You can download this example as a Python script: :jupyter-download-script:`differentiation` or Jupyter Notebook: :jupyter-download-notebook:`differentiation`.

.. jupyter-execute::

   import sympy as sm
   import sympy.physics.mechanics as me
   sm.init_printing(use_latex='mathjax')

.. jupyter-execute::

   class ReferenceFrame(me.ReferenceFrame):

       def __init__(self, *args, **kwargs):

           kwargs.pop('latexs', None)

           lab = args[0].lower()
           tex = r'\hat{{{}}}_{}'

           super(ReferenceFrame, self).__init__(*args,
                                                latexs=(tex.format(lab, 'x'),
                                                        tex.format(lab, 'y'),
                                                        tex.format(lab, 'z')),
                                                **kwargs)
   me.ReferenceFrame = ReferenceFrame

Learning Objectives

After completing this chapter readers will be able to:

  • Calculate the partial derivative of a vector with respect to any variable when viewed from any reference frame.
  • Use the product rule to find the relationship of changing measure numbers and changing unit vectors.
  • Explain the difference in expressing a vector in a reference frame and taking the derivative of the vector when observed from the reference frame.
  • Calculate second partial derivatives.
  • Calculate time derivatives of vector functions.

Partial Derivatives

If a vector \bar{v} is a function of n scalar variables q_1,q_2,\ldots,q_n in reference frame A then the first partial derivatives of \bar{v} in A with respect to q_r where r=1\ldots n can be formed by applying the product rule of differentation and taking into account that the mutually perpendicular unit vectors fixed in A do not change when observed from A. The partial derivatives are then:

\frac{{}^A\partial \bar{v}}{\partial q_r} = \sum_{i=1}^3 \frac{\partial
v_i}{\partial q_r} \hat{a}_i \textrm{ for } r=1\ldots n

where v_i are the measure numbers of \bar{v} expressed in A associated with the mutually perpendicular unit vectors \hat{a}_1,\hat{a}_2,\hat{a}_3.

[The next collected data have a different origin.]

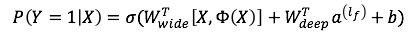 其中,Y是我们要预估的行为,二值变量,如购买,或点击,Google的应用场景为“是否安装APP”。σ是sigmoid函数,$W_wide^T $宽模型的权重,Φ(X)是宽模型的组合特征,$W_deep^T $应用在深模型输出上的权重,$a^(l_f ) $是深模型的最后一层输出,b是线性模型的偏置。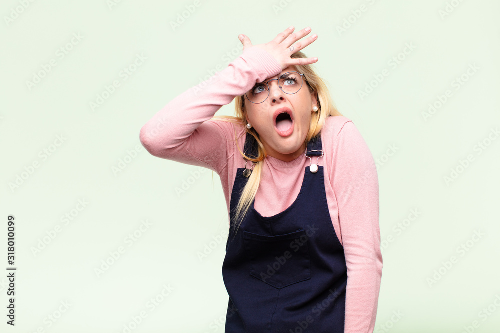young pretty blonde woman raising palm to forehead thinking oops, after making a stupid mistake or remembering, feeling dumb against flat wall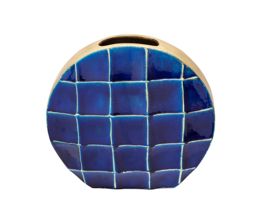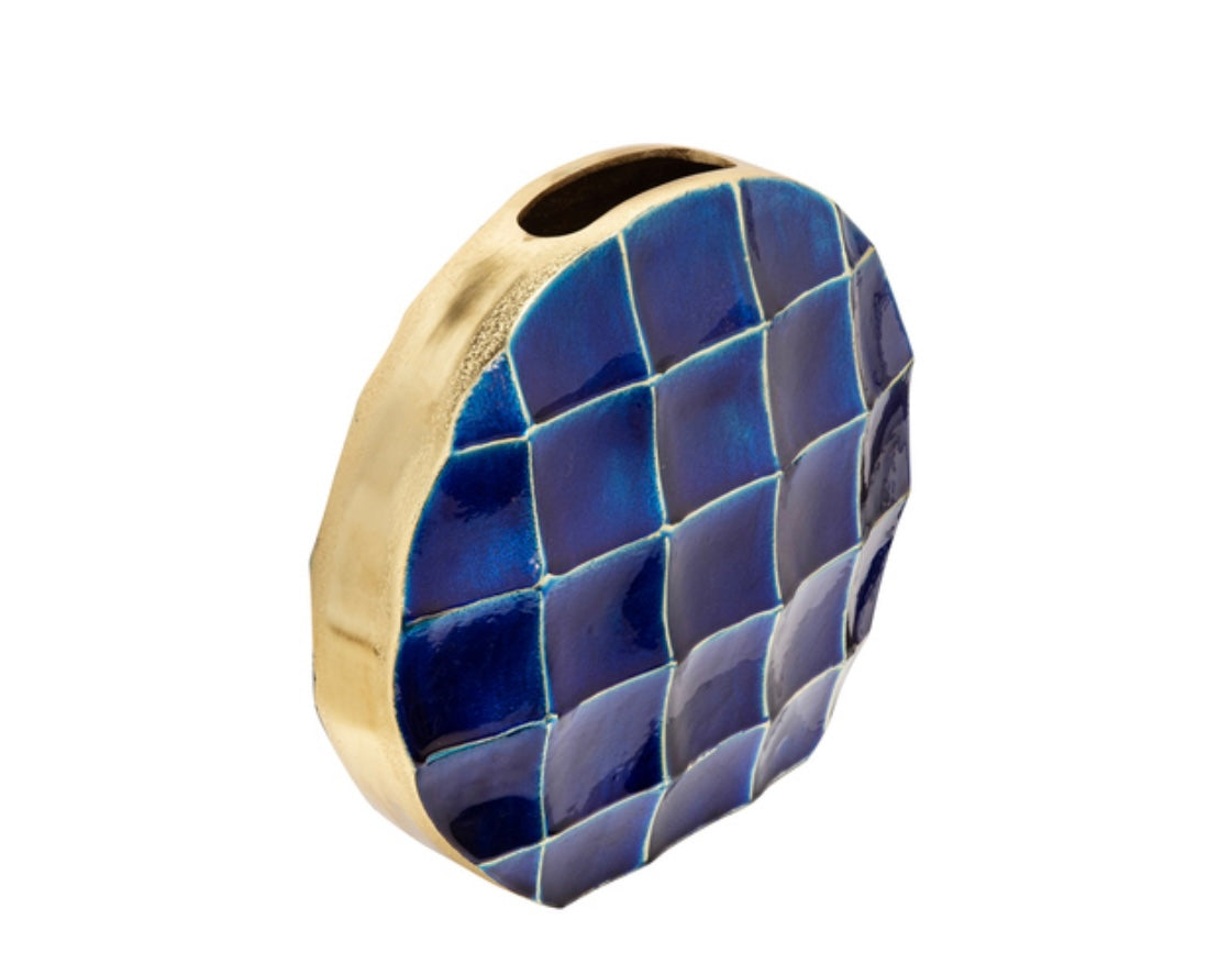 This disk inspired metal vase features a stunning blue pattern that resembles a tortoise shell. With teal highlighted lines to give the vase a beautiful coastal contrast that will enhance your interior design.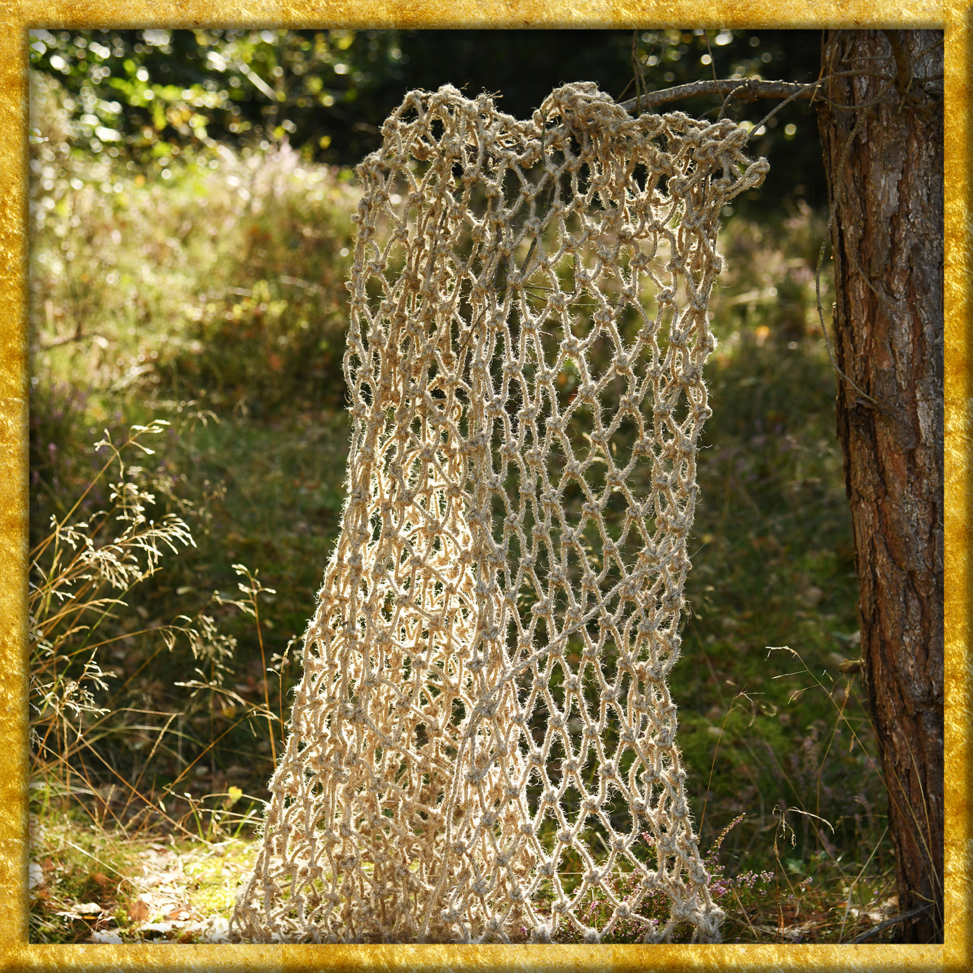 Dieses Gladiatorennetz, auch Rete genannt, ist aus 4mm starker Jute handgeflochten. Die Maschengrösse beträgt ca. 4,5 x 4,5cm. Das Netz eignet sich für die historische Darstellung von Gladiatoren und Gladiatorenkämpfe.

If \bar{v}=v_x\hat{a}_x+v_y\hat{a}_y+v_z\hat{a}_z the above definition expands to:

\frac{{}^A\partial \bar{v}}{\partial q_r} =
\frac{\partial v_x}{\partial q_r} \hat{a}_x +
\frac{\partial v_y}{\partial q_r} \hat{a}_y +
\frac{\partial v_z}{\partial q_r} \hat{a}_z
\textrm{ for } r=1\ldots n

Many of the vectors we will work with in multibody dynamics will be a function of a single variable, most often time t. If that is the case, the partial derivative reduces to a single variate derivative:

\frac{{}^A d \bar{v}}{dt} := \sum_{i=1}^3 \frac{d v_i}{dt} \hat{a}_i

Warning

A derivative written as \frac{\partial \bar{v}}{\partial q_r} is meaningless because no reference frame is indicated. The derivative is dependent on which reference frame the change is observed from, so without a reference frame, the derivative cannot be calculated. This is not the case for partial derivatives of scalar expressions, as no reference frame is involved.

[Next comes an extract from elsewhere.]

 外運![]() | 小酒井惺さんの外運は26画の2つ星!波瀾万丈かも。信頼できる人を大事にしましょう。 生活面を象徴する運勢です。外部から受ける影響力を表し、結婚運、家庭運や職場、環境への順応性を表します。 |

The above definition implies that a vector must be expressed in the reference frame one is observing the change from before calculating the partial derivatives of the scalar measure numbers. For example, here is a vector that is expressed with unit vectors from three different reference frames:

.. jupyter-execute::

   alpha, beta = sm.symbols('alpha, beta')
   a, b, c, d, e, f = sm.symbols('a, b, c, d, e, f')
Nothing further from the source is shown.